The concept of linear subspace or vector subspace as it is sometimes called is very important in linear algebra and various other fields of physics and math. A linear subspace is commonly referred to as subspace when the context serves to distinguish it from other kind of subspaces. The subspace proof explained.

Let K be the field and V be the vector space over K. Let the element of V be vectors and that of K be scalars. Now let W be the subset of V. If W is itself the vector space with the same vector space operations as V has then it is known as a subspace of V.

In order to use this definition and as a subspace proof we need not prove that all the propertites of vector space hold for W. Instead of it, we can prove a theorem that will give us an easier way to show that a subset of vector space is a subspace.

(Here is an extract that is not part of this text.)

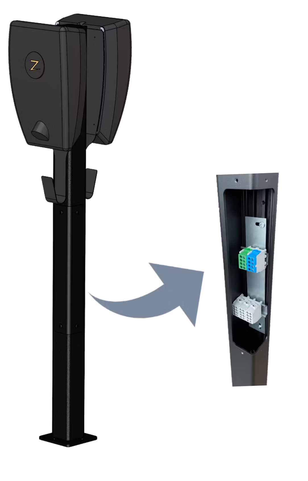 Har du en parkering uden vægge at montere ladestationen på? Her er det perfekte supplement til din Zaptec Pro. Fremstillet af høj kvalitet aluminium og beskyttet med en ridsefast sort pulverlakeret finish. Dens integrerede kabelholder muliggør nem og pæn opbevaring af din opladningskabel.
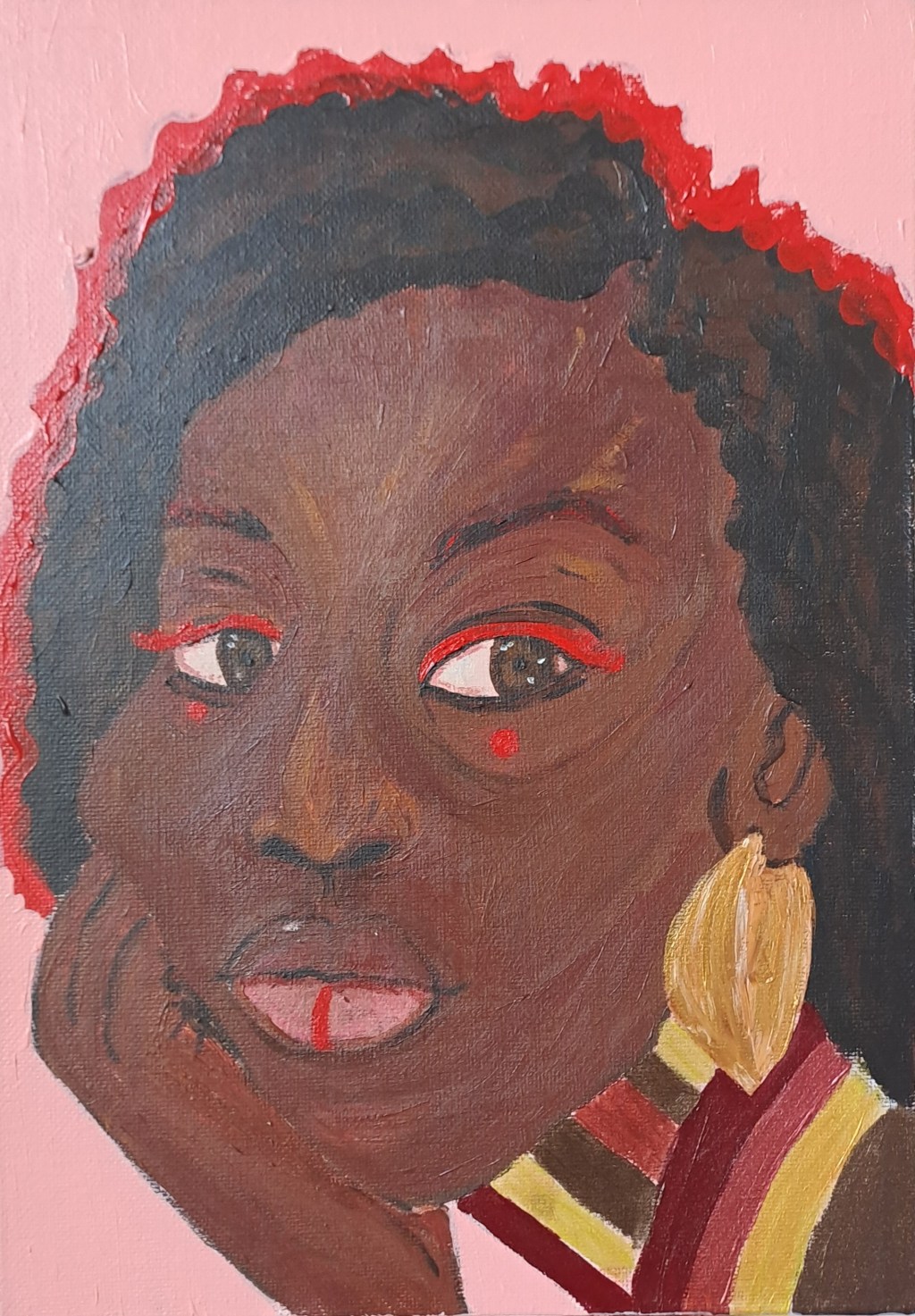 Painting deep dark skin is something that I am teaching myself how to build on colour and add dimension and softness where there is not. I am not looking for realism in my work I am nurturing simple expression.

Assume that V is the vector space over the field K and also assume that W is the subset of V. Then we can say that W is a subset when

- The zero vector is in W.
- Let U and V are the elements of W, then the sum U+V is an element of W.
- If C is a scalar from K and U is an element of W, then the scalar product, i.e. CU is an element of W.

Proof
The first property confirms that W is non- empty. Also the second and third property assumes that closure of W under the addition and the scalar multiplication; therefore the vector space orientations are well defined.

The elements of W are also elements of V, so axioms 1-2 and 5-8 of the vector space are satisfied. By closing W under scalar multiplication the axioms 3 and 4 of a vector space are satisfied.

Conversely if W is a subspace of V. Then W itself will become a vector space under the various operations induced by V. As a result of it the second and third properties are also satisfied. By the virtue of property third, -w is in W wherever w is. And it also follows that W is closed under subtraction as well. Now since W is non empty therefore there is an element x in W, and x-x=0 is also in W. Therefore property one is also satisfied.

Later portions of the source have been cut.